Underneath the book was an envelope. To Jasper, Happy Birthday.
He swallowed. She’d died a week before his seventeenth birthday. This was a message from the grave.
My dearest son,
r /> You will not always be a young man. A day is coming when you will be asked to act much older than you are, and I want you to be ready. Do not shy away from difficult tasks, for anything worth doing in this life will be difficult; do not give in to your emotions, lest they lead you astray. Do not fear the unknown, but make it known.
Above all, remember who you are: my son.
All my love,
Your mother
Jasper reread it three times, then tucked it inside the book and left.
That night, he cried himself to sleep.
CHAPTER THREE
Jasper walked out of his house on Friday, October 5th. He was shaking with nervous excitement. He didn’t have a freaking clue where he was headed—he’d figure it out on the way. Jasper left the house key in the door. Court-assigned guardian Janine Tallison could choke on it.
The Volvo moved slower than normal because he’d stuffed it to the ceiling. People kept honking and passing him, so he turned down a side road that dropped toward the Delaware River. The road got steeper, and he pumped the brake.
Nothing.
He shoved his foot to the floor.
The Volvo went faster.
Jasper’s stomach lurched.
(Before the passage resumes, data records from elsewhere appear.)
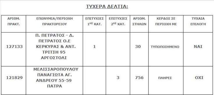 Ο τυχερός παίκτης, που πλέον είναι εκατομμυριούχος, ακόμη δεν έχει εμφανιστεί, σύμφωνα με τον κ. Πετράτο. Έπαιξε ένα δελτίο αξίας 15 ευρώ, ενώ η νικητήρια στήλη προήλθε από τυποποιημένο σύστημα.
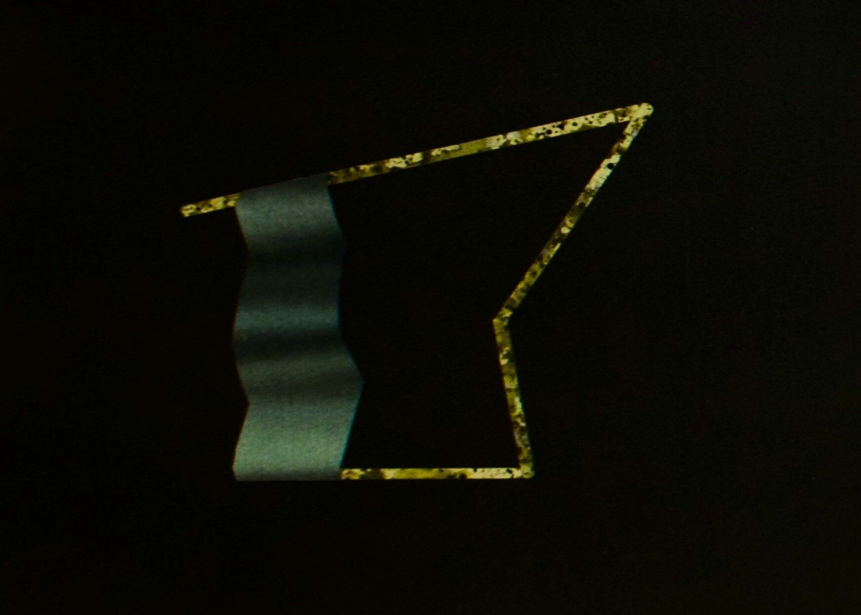 New Line of Gravity (2014) are a series of ink drawing collages. Using both light and shape, Rochon suggests dimensionality and movement. The flowing sheet-like forms appear moulded and transformed by the rigid yellow lines that alter the flow of gravity in the picture plane. Following in pursuit of her investigations into architecture and fluid forms, the shapes are suspended in a boundless void. We are given no indications or references to their scale or proportions, or the source point of the lighting. Instead, all is left ambiguous and uneven.
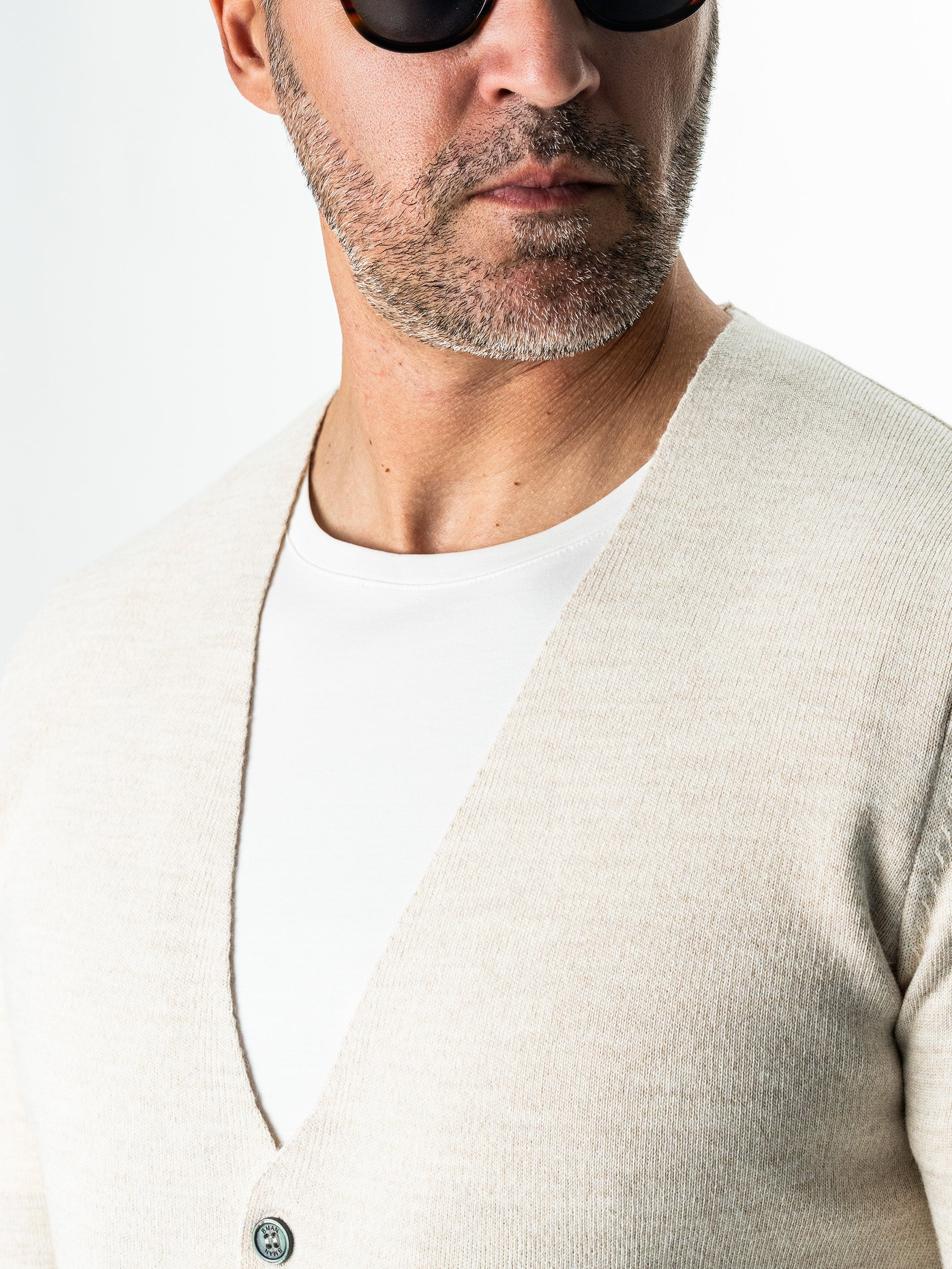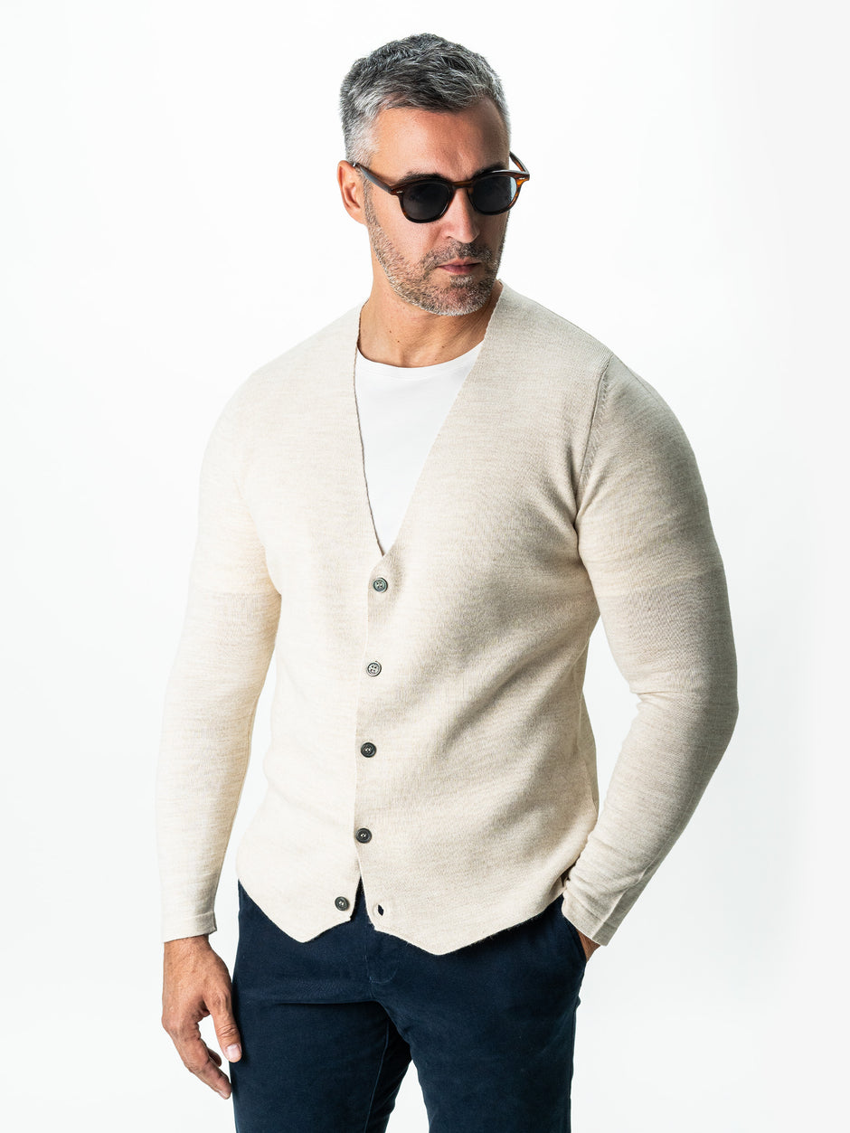 Pulover Crem Barbati Cu Inchidere In Cinci Nasturi Tip Cardigan Din Lana Merinos BMan0017 este o piesă versatilă, ideală pentru bărbații care apreciază eleganța clasică combinată cu confortul. Confecționat din lână Merinos de înaltă calitate, acest pulover oferă o senzație moale la atingere și o căldură excelentă, fiind perfect pentru sezonul rece. Designul minimalist, dar elegant, îl face ușor de asortat cu o cămașă sau un tricou, oferind un aspect modern și îngrijit.
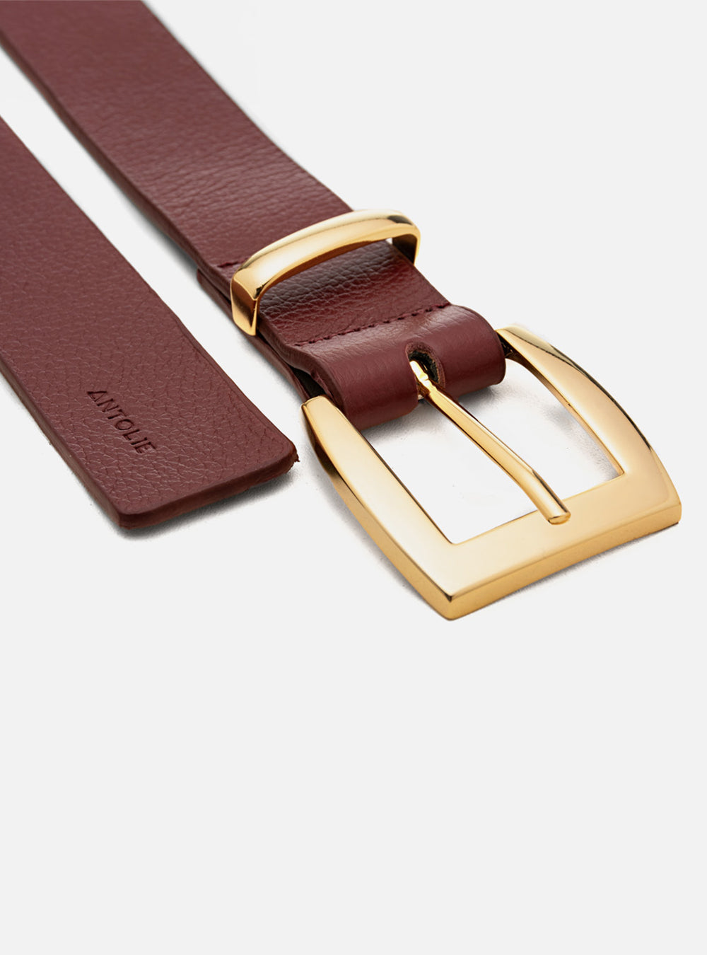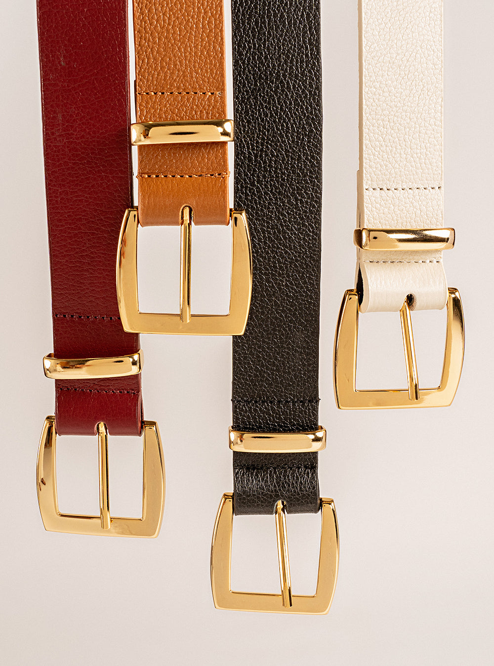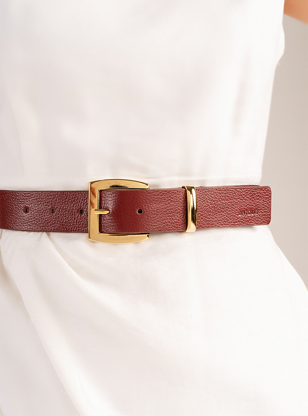 Em couro bordô, o modelo com fivela quadrada dourada é ideal para quem busca um acessório que se destaque no look. A cor transmite elegância com um toque fashion, enquanto o design geométrico da fivela garante personalidade extra à produção.

He yanked on the emergency brake, and the car slid sideways onto loose gravel. He cut hard to the right and straightened out, still gaining speed. Spotting the T-intersection ahead, he white-knuckled the wheel.
HONNNNNNNK.
He narrowly missed a two-ton gravel truck as the Volvo rocketed through the intersection and caught enough air to sail clear over the guardrail and into the river.
Jasper’s vision splintered as he slammed into the steering wheel. Frigid water spilled in, reaching his waist in seconds. He couldn’t feel his legs.
A morbid peace suffocated him: maybe death was just easier. Was there really anything left for him to live for? Wandering the Northeast until he ran out of money seemed super depressing. He should just surrender. It would be so easy.
The water reached his neck, and he whimpered. He could hold his breath for a while, but why? Better get it over with. He closed his eyes and prepared to inhale, praying the coroner wouldn’t find traces of urine in the car.